Using Spectroscopy to Distinguish Subspecies of Sagebrush for Habitat Assessment
The sagebrush steppe is a fragmented and declining ecosystem partially due to fire disturbance, climate change, and urban expansion. Several specialist herbivores in the sagebrush steppe are dependent on sagebrush as a primary source of food. Variation in the nutritional content of sagebrush influences habitat use by herbivores. We hypothesized that sagebrush species can be identified using spectroscopy thus providing an opportunity to differentiate subspecies as well as their potential nutritional content differences. Measuring plant quality with spectroscopy could help identify the different species and subspecies of sagebrush that might be most beneficial for sagebrush obligate species for restoration efforts. Our objective is to scan different species of sagebrush with a spectrometer to see if their spectral fingerprint could be determined.

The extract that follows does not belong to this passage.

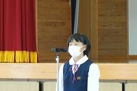 在校生代表の激励の言葉として、3年生の田中沙英さんが、地区分散での大会が最後となり、県一斉での大会に参加できなかった3年生の分も頑張って欲しいとありました。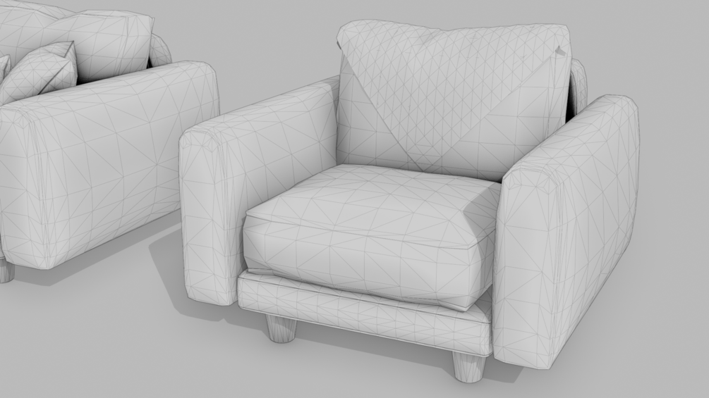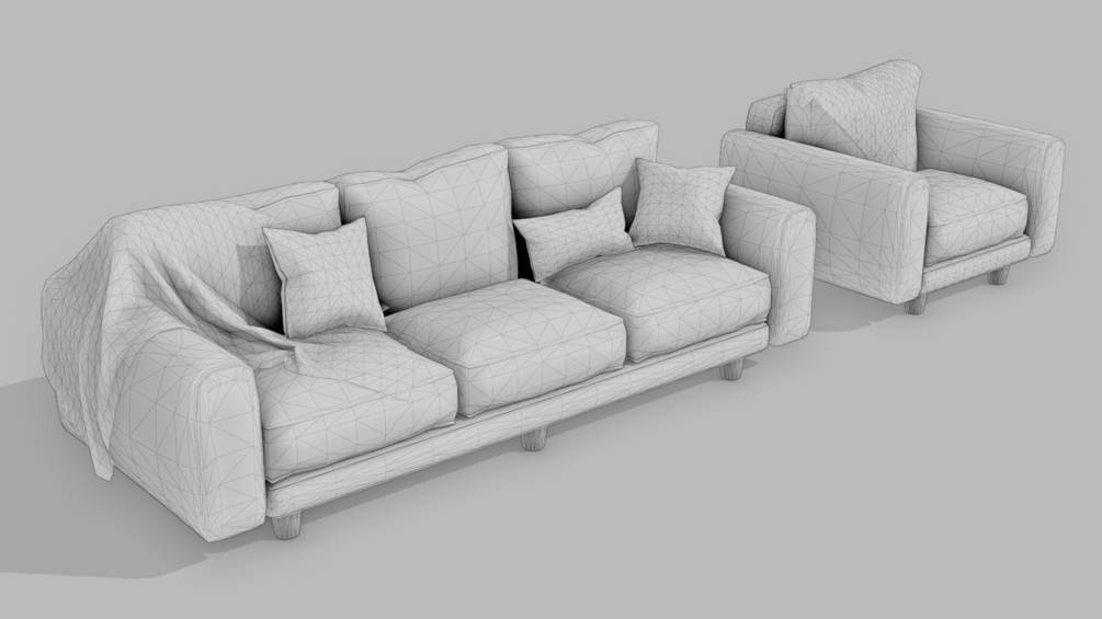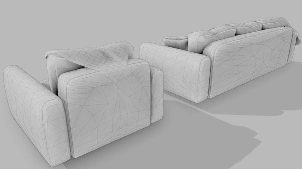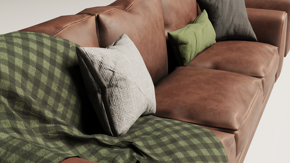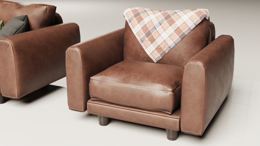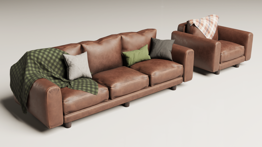 This detailed 3D model captures the essence of a vintage 1980s brown leather sofa set, complete with a matching armchair. The set includes decorative cushions in various colors, along with cozy blankets—one in a green checkered pattern and the other in a warm-toned geometric design. Perfect for creating retro-themed interiors or adding a nostalgic yet comfortable touch to your projects.

Plant samples were taken from two different species at one field site located in south central Idaho over one field season. The spectral composition of Wyoming big sagebrush (Artemisia tridentata) and three-tip sagebrush (Artemisia tripartite) was compared using a spectrometer. We expect to find a different spectral fingerprint from each species for identification purposes and utilize these differences to explain their nutritional quality and selection of herbivores. Future research will compare other species and subspecies for a comprehensive analysis.
Higley, Jessica, "Using Spectroscopy to Distinguish Subspecies of Sagebrush for Habitat Assessment" (2016). 2016 Undergraduate Research and Scholarship Conference. Paper 22.